Под платанами пожилые французы играли в шахматы. На лужайках выгуливали собак. Дети кидали йо-йо, соревнуясь, кто выбросит дальше чертика на ниточке и кто быстрее загонит его назад. По сторонам дорожек тянулись пышные розовые клумбы. Издалека доносился мягкий стук теннисных мячей о ракетки. Хелен заглянула в путеводитель.
- Здесь танцевала Айседора Дункан, - сообщила она. - Эрнест Хемингуэй приходил сюда стрелять голубей.
- Здорово.
Пройдя мимо восьмиугольного пруда перед дворцом, мы оказались на каштановой аллее. Бегающие трусцой избавлялись здесь от лишних фунтов, набранных из-за пристрастия к фуа-гра, паштету из гусиной печенки; парковые скамейки были оккупированы загорающими и книголюбами. Мы слышали тявканье маленьких собачек и щебет птиц. Жизнь здесь текла размеренно. Казалось, до задымленного центра миллион миль. Над игровой площадкой звенел детский смех. Мы на секунду остановились понаблюдать за малышами на качелях.
- Ты хочешь детей? - спросила я у Хелен. Она передернула плечами:
- Может быть… Не знаю. Только если встречу хорошего парня. Но и тогда года через три-четыре. Я слишком занята, - беззаботно добавила она, и мы повернули к выходу. - И знаешь, Минт, мне нравится быть одной.
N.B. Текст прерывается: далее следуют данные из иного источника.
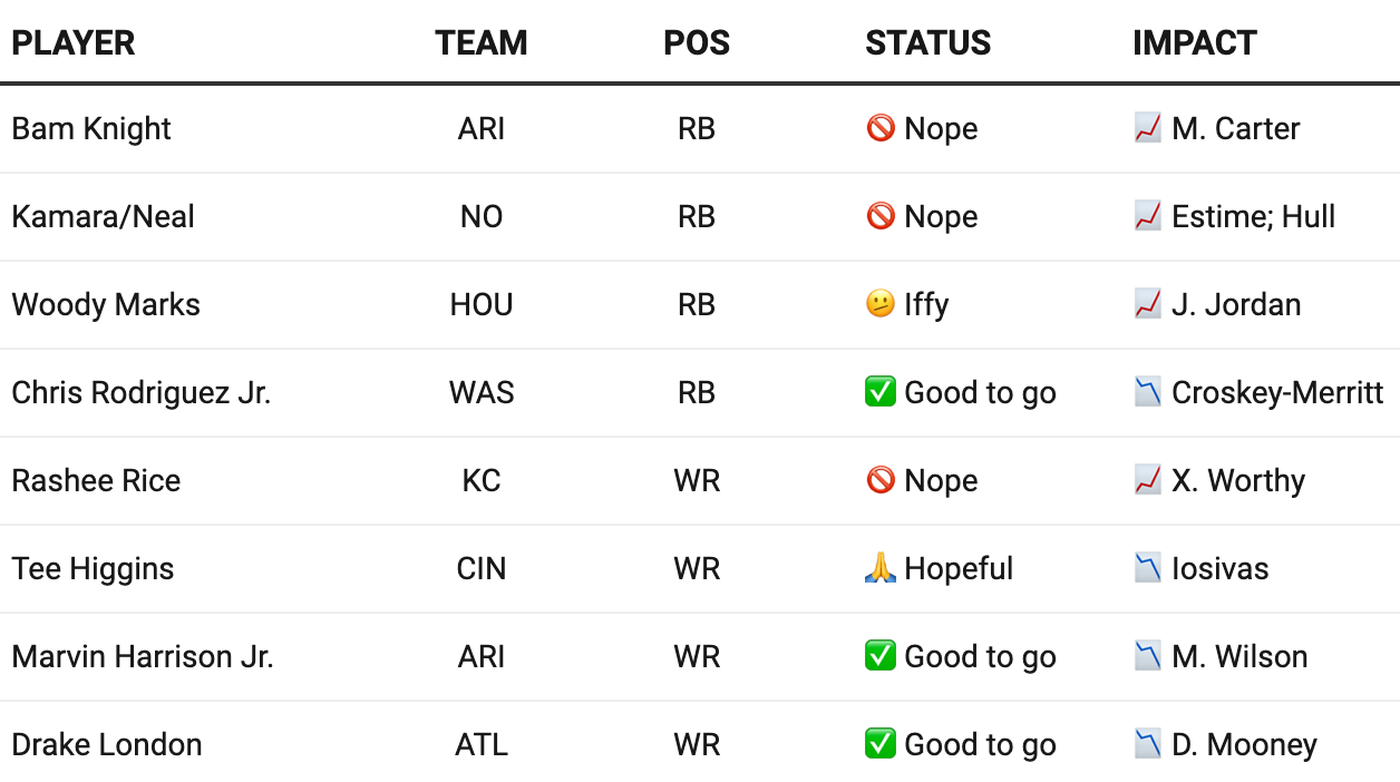 The above are my own estimates, sometimes based on unofficial media reports. Always double-check before benching a player and consult the latest NFL injury report.
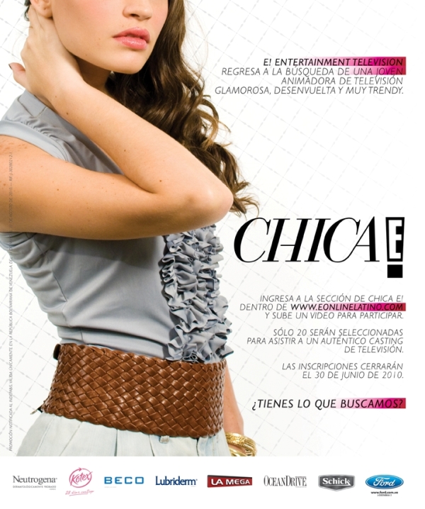 Ella y muchas otras tendrán la oportunidad de participar en el concurso más importante de E! Entertainment Television, Chica E! Venezuela. La convocatoria inicia este 7 de junio y, hasta el 30 del mismo mes, las candidatas podrán inscribirse y demostrar si realmente tienen lo que se necesita para convertirse en animadoras de televisión. El objetivo es encontrar a una talentosa joven que se identifique con la audiencia del canal y refleje los valores de E! y de los anunciantes y aliados de este proyecto: Neutrogena, Kotex, Lubriderm, Beco, Shick Quattro for Women, Ford Venezuela, Ocean Drive y La Mega.
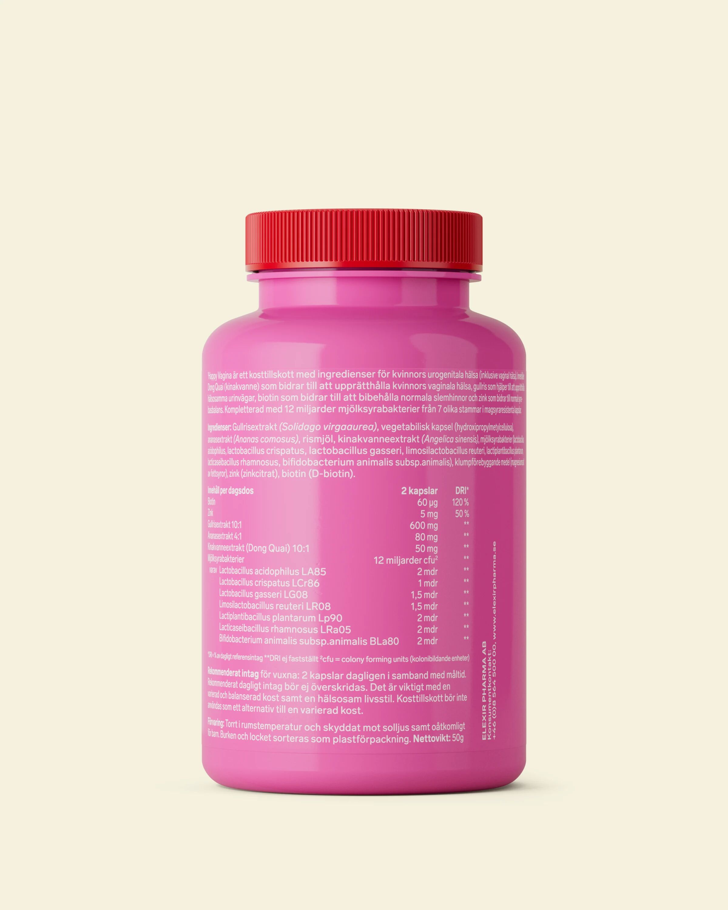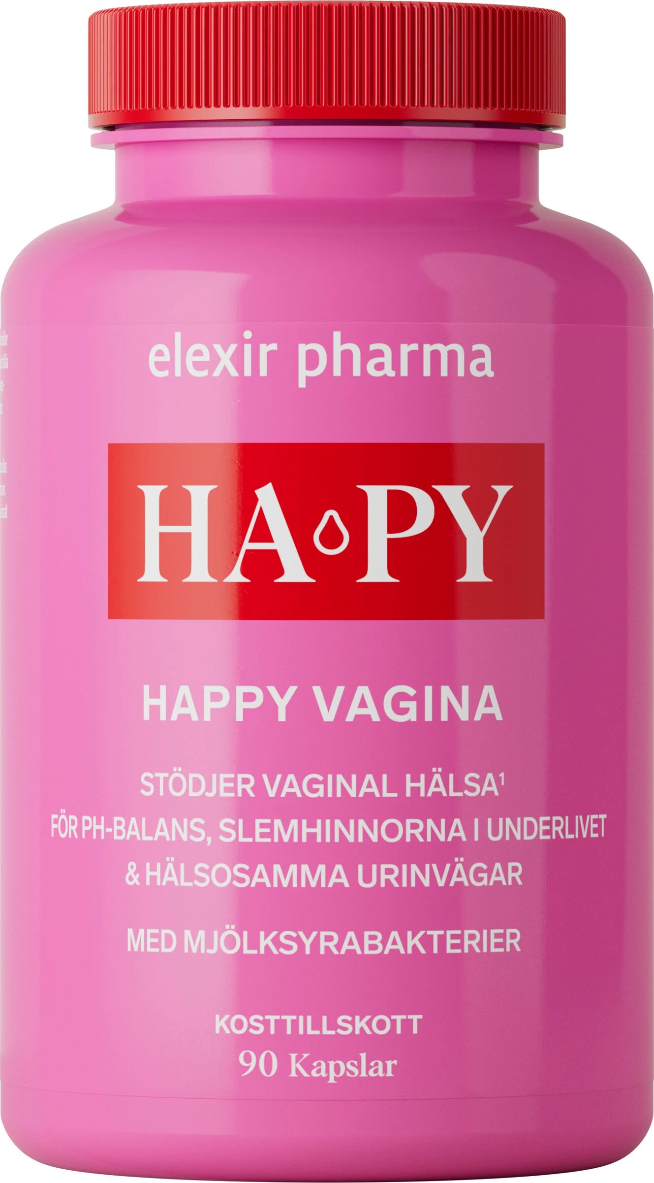 Kosttillskott HA-PY (Happy Vagina) från Elexir Pharma innehåller 12 miljarder mjölksyrabakterier från 7 olika, noga utvalda bakteriestammar. Produkten innehåller dessutom örten Dong Quai, även kallad ”kvinnlig ginseng”, gullris, biotin och zink. Biotin är en B-vitamin som bidrar till slemhinnornas normala funktion. Zink bidrar till normal pH-balans. Happy vagina är berikad med extrakt från ananas.
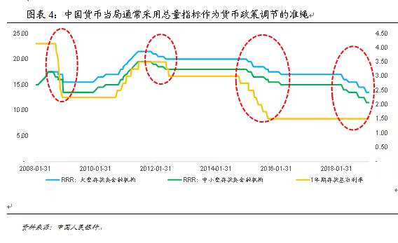 在中国,政策制定者通常采用“量”作为货币政策调节的准绳,特别是本轮经济周期中表现得更为明显。2018年美联储整体货币政策仍然呈现收紧态势,加息节奏并未明显放缓,在资本外流的压力下,中国央行通过利率宽松的政策空间被大大限制,因此主要通过货币总量供给的相关指标逆周期调节经济。

- Вот бы и мне так, - вздохнула я и бросила взгляд на часы. Было почти семь. Мы решили зайти куда-нибудь перекусить.
В узком, вымощенном булыжником переулке недалеко от улицы Турнон отыскалось заведение "Шез Марк". Столики с тротуара уже убрали, так что мы зашли внутрь. Удерживая подносы на кончиках пальцев, мимо скользили официанты в белых фартуках, словно ставшие на невидимые коньки. Над стойкой висело облако сигаретного дыма. Слышался громкий стук посуды и резкий, отрывистый мужской смех. Хлопнула, вылетая, пластиковая пробка. У окна четверо молодых людей с азартом резались в настольный футбол. Сгрудившись у игрового поля, они с силой - так что костяшки белели - дергали рукояти и гоняли мяч.
- Раньше я тоже любила играть, - мечтательно сказала я, потягивая пиво. - Когда мы были маленькими и ездили отдыхать с родителями. Я здорово играла.
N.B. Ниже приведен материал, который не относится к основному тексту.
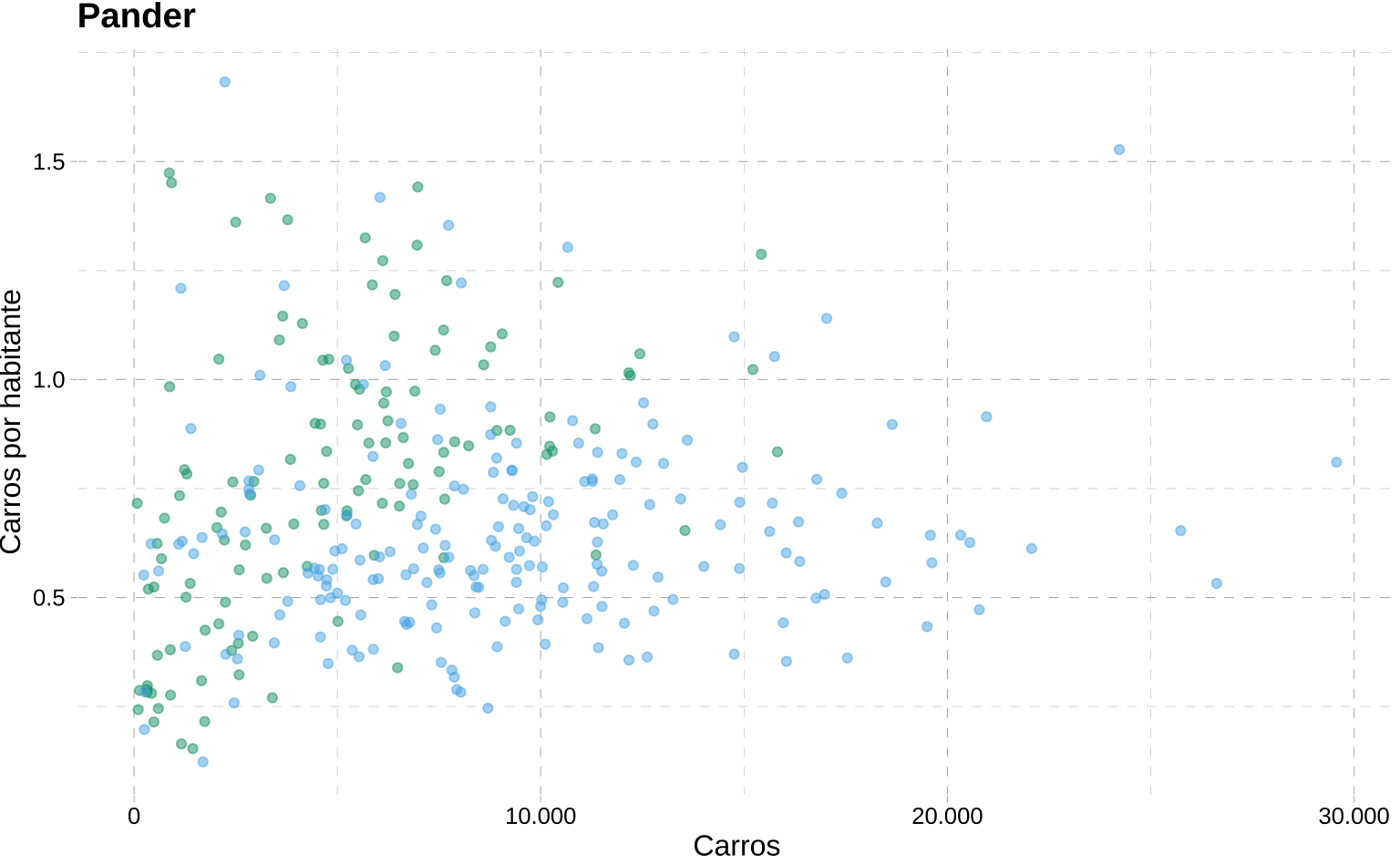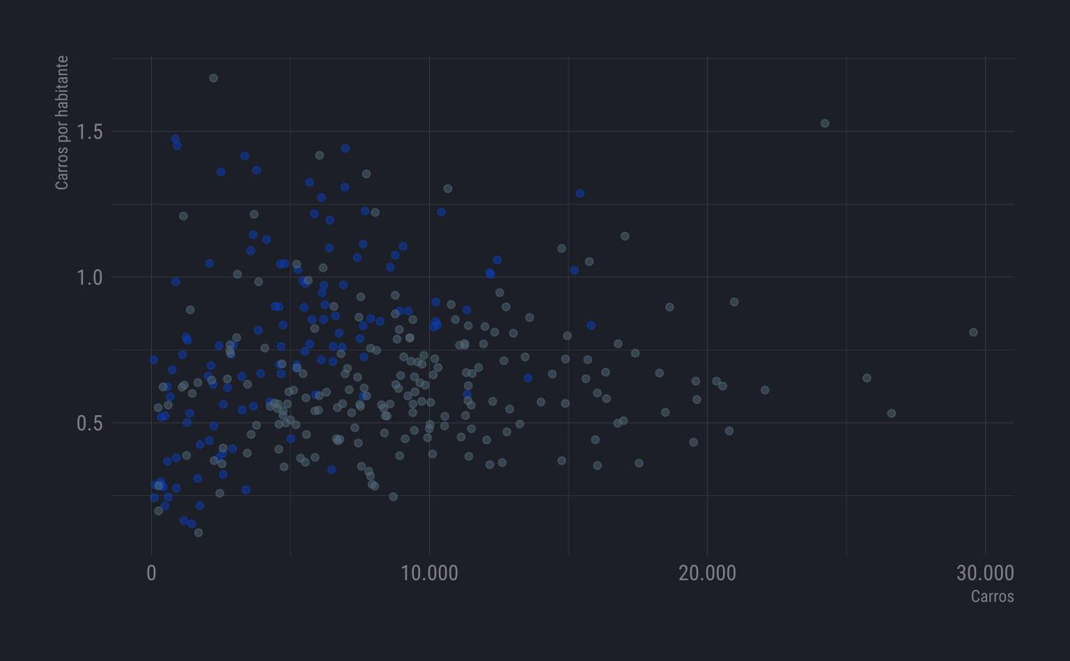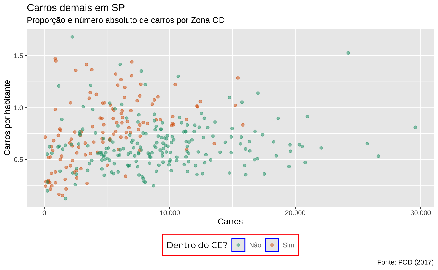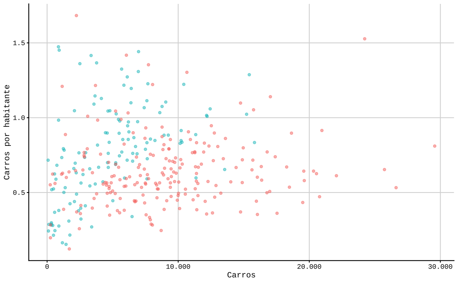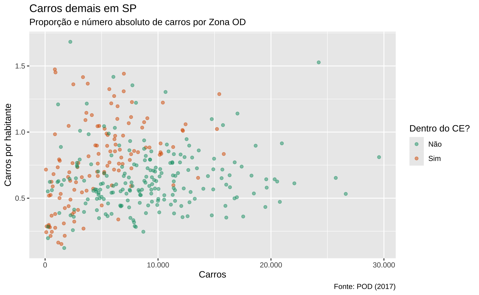 O gráfico abaixo usa a mesma base da Pesquisa Origem e Destino (POD) do post anterior e mostra o número absoluto de carros no eixo-x e o número de carros por domicílio no eixo-y.

Любители настольного футбола подбадривали друг друга криками, препирались при каждом пенальти и орали, как сумасшедшие, стоило кому-нибудь забить гол: "…hors-jeu! …c'estnul! …veux-tu?"
- Французы такие симпатичные, - заметила Хелен.
"А-а-а! Putain! Espece de con!"
- Особенно вон тот. Посмотри!
- Это был "банан"! - возмущался парень, ни капли не похожий на француза. - "Бананы" запрещены. Мяч нужно кидать только по прямой. Понял?
- Уф! - ответил его противник. - Alors…
- И только пять секунд, чтобы рассчитать удар! Cinq secondes!
- D'accord, d'accord! По правилам, так по правилам, - недовольно пробурчал второй игрок.
Назначили штрафной. Быстрый поворот кисти - и мяч оказался в воротах.
- Гол! - Хелен захлопала в ладоши, неожиданно для самой себя.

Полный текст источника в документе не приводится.